Print each record below precisely, with every picture left out of the copy.

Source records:
________________________
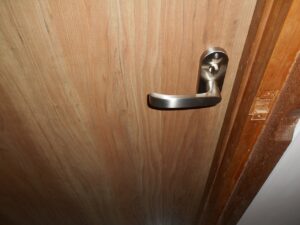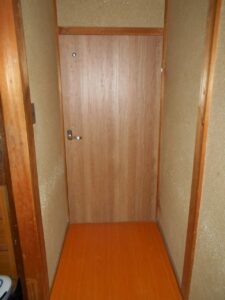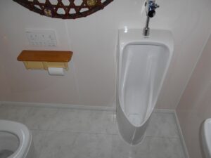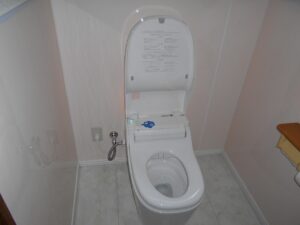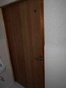 最後にドアを吊り込んで今回のトイレ改修工事はすべて完了です。解体から竣工まで4日の工事でトイレの事で不自由をかけましたが、施主様のお宅には3か所のトイレがございますので、その点では焦らず余裕を持って工事が出来ました。特にトイレのフロアーには床鳴りなどの心配をしておりましたので、大工作業には時間をかけて丁寧に作業をしてもらいました。
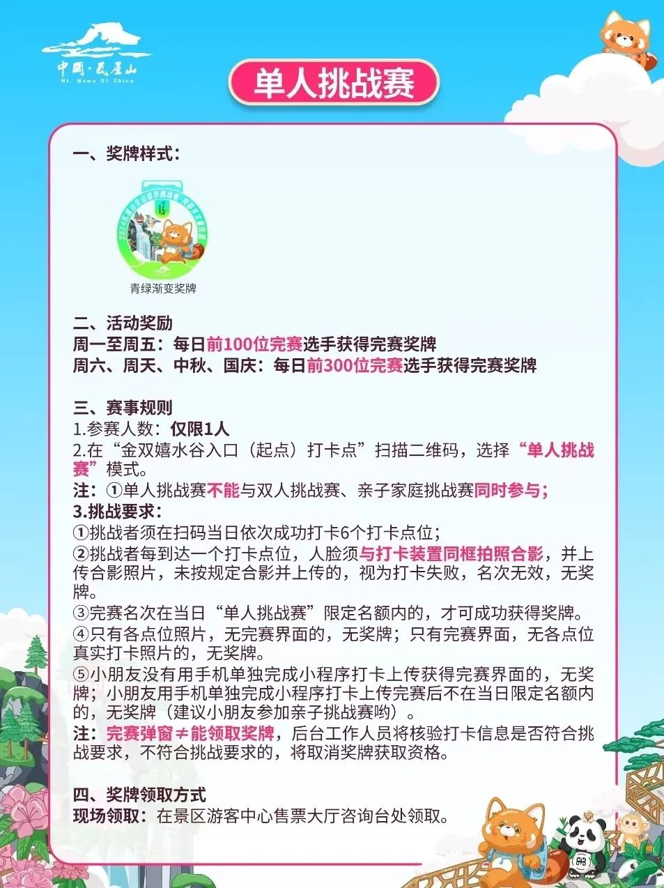 ✅金双嬉水谷入口打卡点--✅瓦屋山大峡谷打卡点--✅珙桐栈道打卡点(💓注:亲子挑战赛无需完赛界面,小程序打卡页面显示已完成3个点位打卡记录的,即可领取奖牌)。
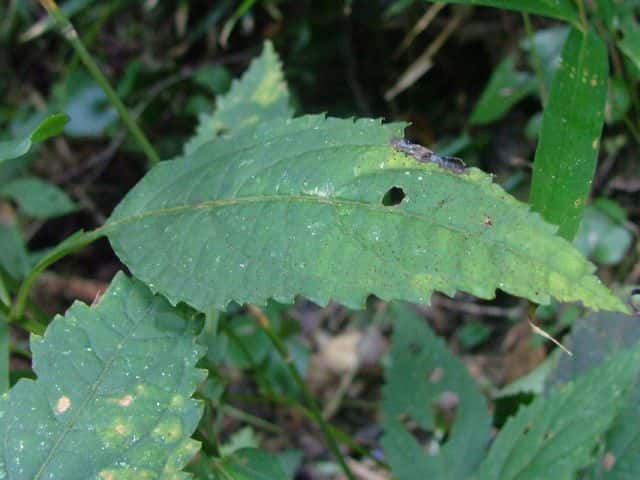 | ▼脈上に縮れた毛があり、葉面に毛がある。 | ▼葉の裏面。 | ▼脈上に短毛がある。 |
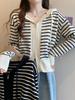 Duplo zíper exterior listrado suéter outono e inverno estilo coreano contraste cor capuz manga comprida fino emagrecimento top casaco pequeno
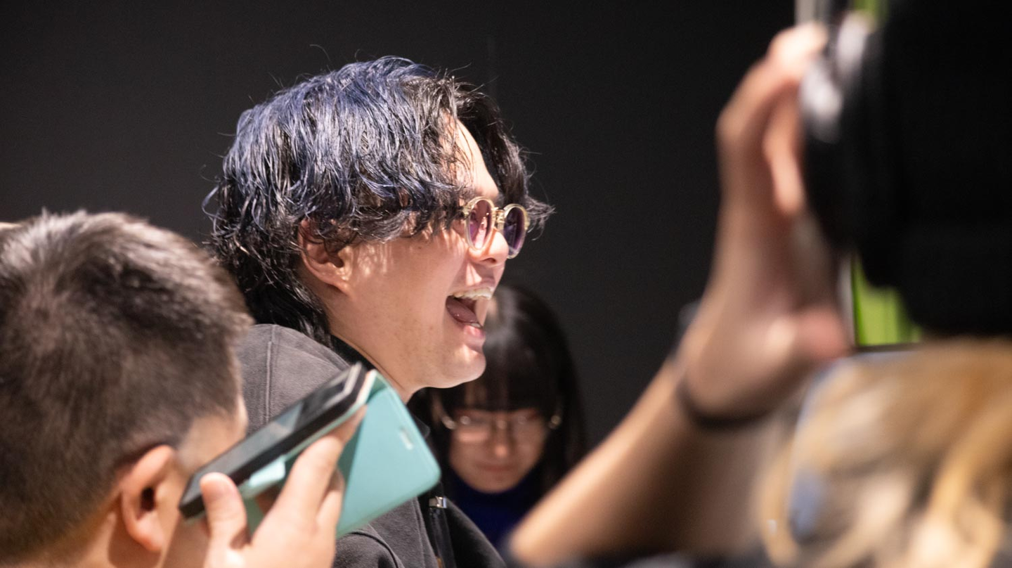 そして、いよいよアクタースーツの装着へ。 女性スタッフの指導を受けながら、自らスーツを着ることに挑戦したものの、なかなか難航…。 なかなか更衣室から戻ってこず、関係者一同が心配する中、ようやく着用を終えて帰還! 「これは大変でした…(笑)」と笑いながらも、しっかりと準備を整え、本番に臨みました。
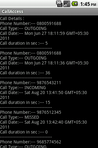 }Using this application user can access his call history. It shows call number, call type i.e. incoming/outgoing/missed call, call date-time and call duration. Here is the output where user can see all details:
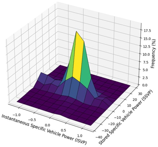 The presented Figure 11 shows a 3D surface plot illustrating the relationship between instantaneous vehicular-specific power (IVSP), stored vehicular-specific power (SVSP), and the frequency (%) at which these values were observed. This graph is fundamental for understanding how the storage and use of specific power could influence a vehicle’s energy consumption during a representative driving cycle. Through this visualization, specific patterns in the accumulation and use of energy can be identified, which is crucial for predicting vehicle performance and optimizing fuel or energy consumption.
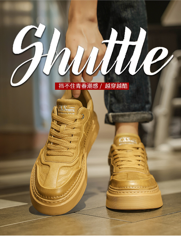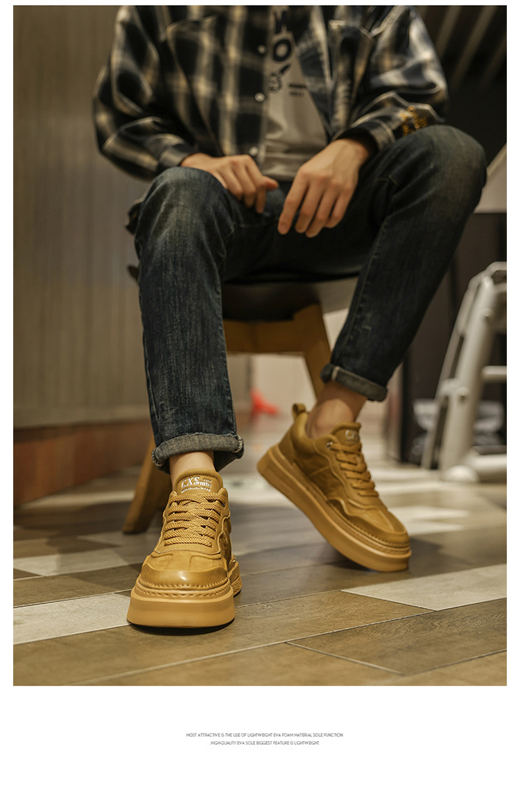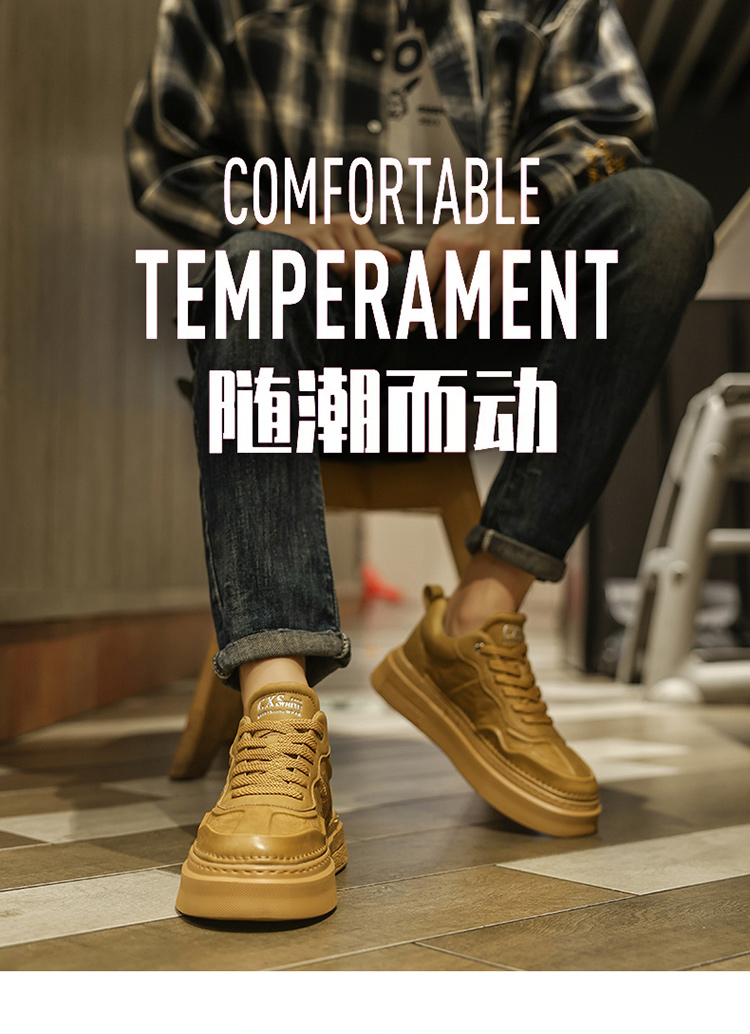 男性靴春の高級感に合わせてカジュアルな板靴を履いています。
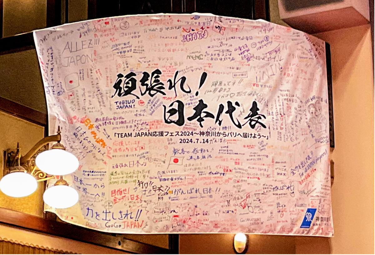 また柳下剛県議会議長や関係者からも祝辞が述べられ、神奈川県立横浜緑園高等学校吹奏楽部の演奏も祝賀会の雰囲気を盛り上げた。そして会場には、県民らが選手に向けて送った応援メッセージの横断幕も展示され、式典に花を添えた。
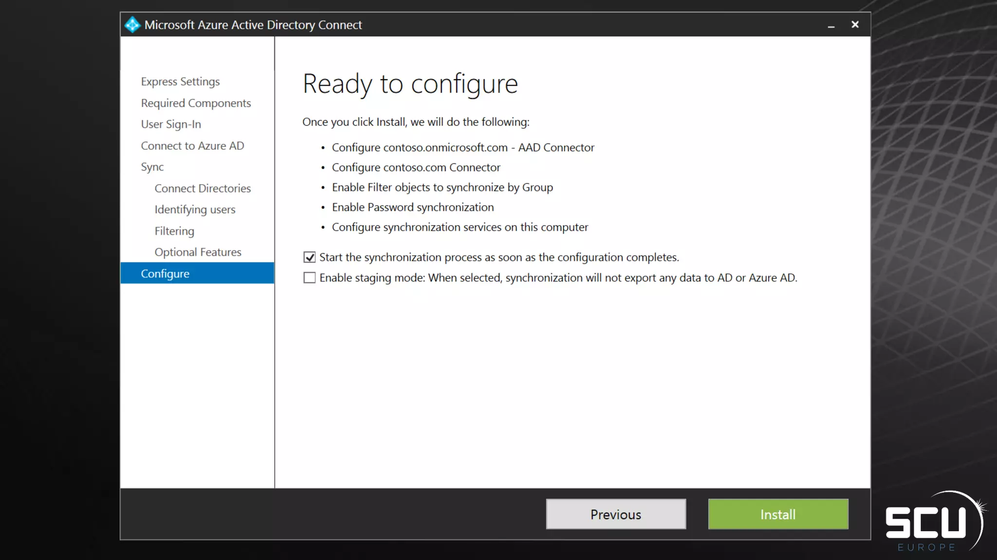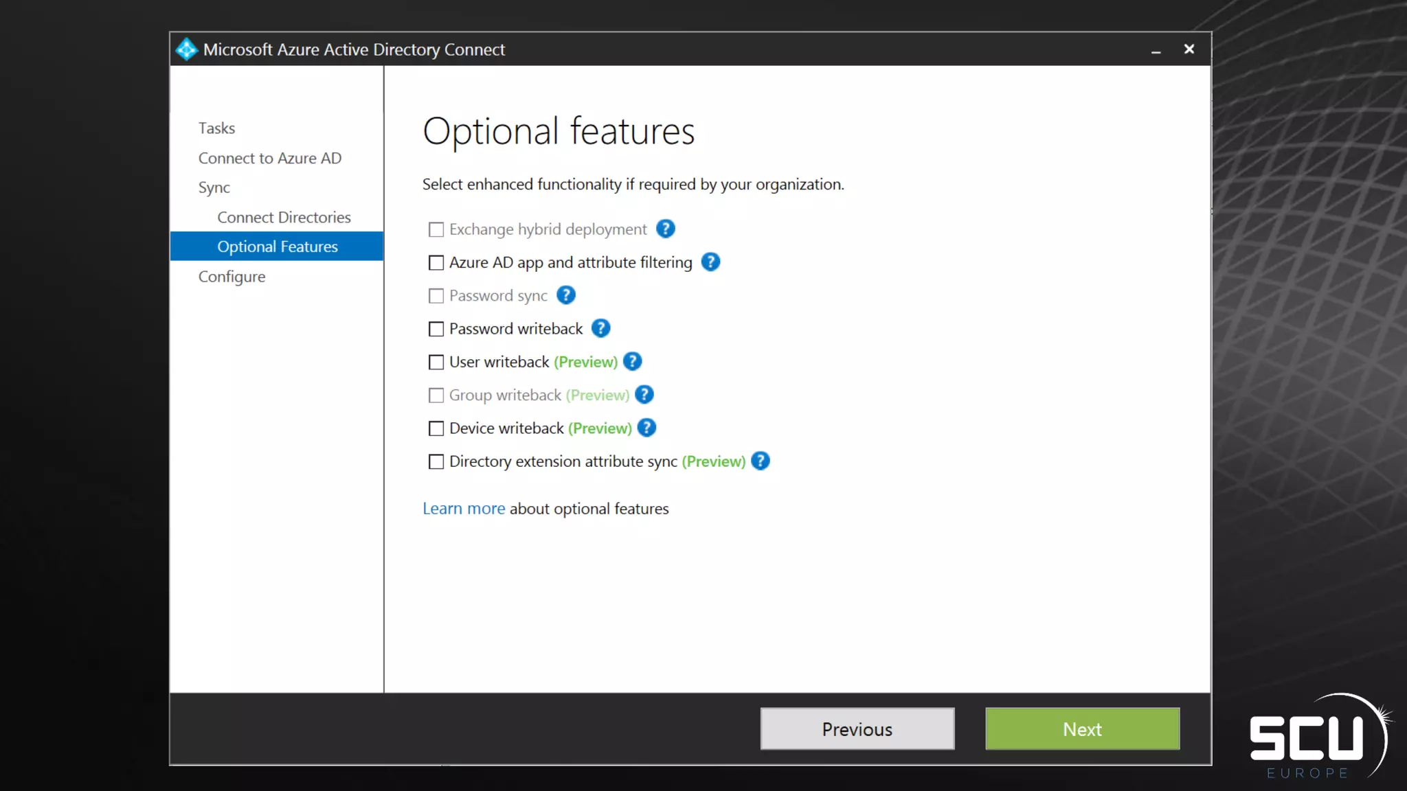 Azure AD Connect provides a simplified way to set up hybrid identity between on-premises Active Directory and Azure Active Directory. It can be configured using Express settings for a quick setup in four steps, or using Custom settings to address more complex scenarios. The tool consolidates previous identity bridge components like DirSync and Azure AD Sync. It also allows enabling additional features like password synchronization, device writeback, and extending directories with custom attributes. Admins can monitor their hybrid identity configuration using Azure AD Connect Health.
________________________
# OUTPUT OF THE EXERCISE:
 最後にドアを吊り込んで今回のトイレ改修工事はすべて完了です。解体から竣工まで4日の工事でトイレの事で不自由をかけましたが、施主様のお宅には3か所のトイレがございますので、その点では焦らず余裕を持って工事が出来ました。特にトイレのフロアーには床鳴りなどの心配をしておりましたので、大工作業には時間をかけて丁寧に作業をしてもらいました。
 ✅金双嬉水谷入口打卡点--✅瓦屋山大峡谷打卡点--✅珙桐栈道打卡点(💓注:亲子挑战赛无需完赛界面,小程序打卡页面显示已完成3个点位打卡记录的,即可领取奖牌)。
 | ▼脈上に縮れた毛があり、葉面に毛がある。 | ▼葉の裏面。 | ▼脈上に短毛がある。 |
 Duplo zíper exterior listrado suéter outono e inverno estilo coreano contraste cor capuz manga comprida fino emagrecimento top casaco pequeno
 そして、いよいよアクタースーツの装着へ。 女性スタッフの指導を受けながら、自らスーツを着ることに挑戦したものの、なかなか難航…。 なかなか更衣室から戻ってこず、関係者一同が心配する中、ようやく着用を終えて帰還! 「これは大変でした…(笑)」と笑いながらも、しっかりと準備を整え、本番に臨みました。
 }Using this application user can access his call history. It shows call number, call type i.e. incoming/outgoing/missed call, call date-time and call duration. Here is the output where user can see all details:
 The presented Figure 11 shows a 3D surface plot illustrating the relationship between instantaneous vehicular-specific power (IVSP), stored vehicular-specific power (SVSP), and the frequency (%) at which these values were observed. This graph is fundamental for understanding how the storage and use of specific power could influence a vehicle’s energy consumption during a representative driving cycle. Through this visualization, specific patterns in the accumulation and use of energy can be identified, which is crucial for predicting vehicle performance and optimizing fuel or energy consumption.
 男性靴春の高級感に合わせてカジュアルな板靴を履いています。
 また柳下剛県議会議長や関係者からも祝辞が述べられ、神奈川県立横浜緑園高等学校吹奏楽部の演奏も祝賀会の雰囲気を盛り上げた。そして会場には、県民らが選手に向けて送った応援メッセージの横断幕も展示され、式典に花を添えた。
 Azure AD Connect provides a simplified way to set up hybrid identity between on-premises Active Directory and Azure Active Directory. It can be configured using Express settings for a quick setup in four steps, or using Custom settings to address more complex scenarios. The tool consolidates previous identity bridge components like DirSync and Azure AD Sync. It also allows enabling additional features like password synchronization, device writeback, and extending directories with custom attributes. Admins can monitor their hybrid identity configuration using Azure AD Connect Health.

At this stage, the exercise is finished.